Jean-François Fogel
La fecha: 2 de mayo del 2007. El lugar: un estudio de televisión. Los protagonistas: los dos candidatos para la segunda vuelta de la elección presidencial. El evento: un debate. Francia, en la búsqueda de su próximo presidente, dedicó su tarde del miércoles a seguir un confuso encuentro entre Ségolène Royal y Nicolas Sarkozy. Fueron más de dos horas malas, aburridas. Una batalla de datos, mala fe, sospechas mutuas. Sarkozy, que tiene una retórica racional enfrentaba la vitalidad de una Royal escondida en el desorden. Al final, mucho ruido y pocas nueces. Pero los franceses tenían el rito imprescindible de su vida pública. Un ejercicio fuera del tiempo: el encuentro de dos personas.

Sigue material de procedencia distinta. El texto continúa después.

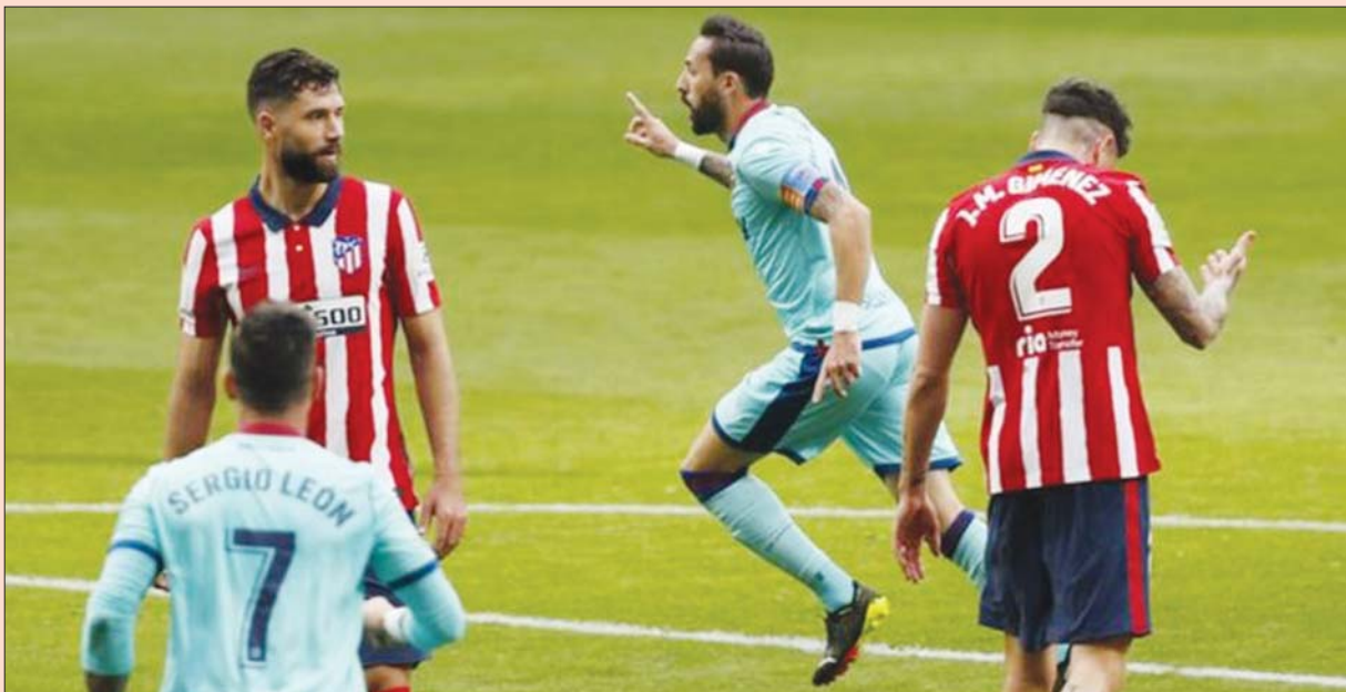
လီဗန်တေးအသင်းမှ အက်သလက်တီကို မက်ဒရစ်အသင်းဘက်သို့ ဂိုးသွင်းယူပြီးနောက် အောင်ပွဲခံနေစဉ်။

Vivimos en una época que acumula los dispositivos para eludir a la conversación cara a cara. El correo electrónico, el mensaje instantáneo, el vídeo-juego interactivo y todos los dispositivos para oír o ver músicas o películas sólo son “conversation avoidance device” como dice Stephen Miller en un libro, Conversation (Yale University Press) que tuvo su gloria en 2006. La idea central del libro es sencilla: la era de la conversación se acaba. Dentro de poco tendremos no el silencio sino el ruido generalizado de la comunicación múltiple y simultánea.
Con esa problemática se puede entender la pasión de los franceses para su debate de la elección presidencial. Es un ejercicio que les vincula su historia y su cultura. Francia desde el siglo XVI hasta la revolución de 1789, fue el paraíso del arte de la conversación. El debate, bajo el ojo de cíclope de la televisión es una forma trivial, frívola de lo que se practicaba en los círculos de la aristocracia y entre los pensadores del Siglo de las Luces. El gran libro sobre esta etapa de la historia francesa es italiano: La civilta della conversazione de Benedetta Cravieri. Cuenta cómo un arte colectivo consiguió producir una literatura, una filosofía y, sobre todo, una convivencia. Era una lucha donde el vencedor tenía que dominarse. “Il est dangeureux de vouloir toujours être le maître de la conversation et de pousser trop loin une bonne raison quand on l’a trouvée” (es peligroso mandar siempre en la conversación y utilizar un argumento de manera excesiva) explicaba La Rochefoucauld. La conversación tenía algo de íntimo y feliz en la época de los reyes; se transforma en elocuencia pública con la revolución.
Fue lo insoportable del debate (en realidad dos monólogos cargados de desprecio mutuo y callado) entre Royal y Sarkozy. Toda la tarde demostraba la validez de la tesis de Alexis de Tocqueville, el sublime politólogo: la revolución francesa habla de libertad, igualdad y fraternidad, pero en realidad es un retorno al absolutismo de Luis XIV en una versión barata y brutal al servicio del Estado, soberano más frío que un rey. El debate a la francesa es una pobre supervivencia de un arte reconvertido en instrumento de promoción política. Me cabe mejor la tertulia del mundo hispanohablante. Puede ser brutal también, y lleno de mala fe, pero nadie pone las palabras al servicio de un ser abstracto. En la sombra del Estado, tal como lo conciben los franceses, no hay conversación.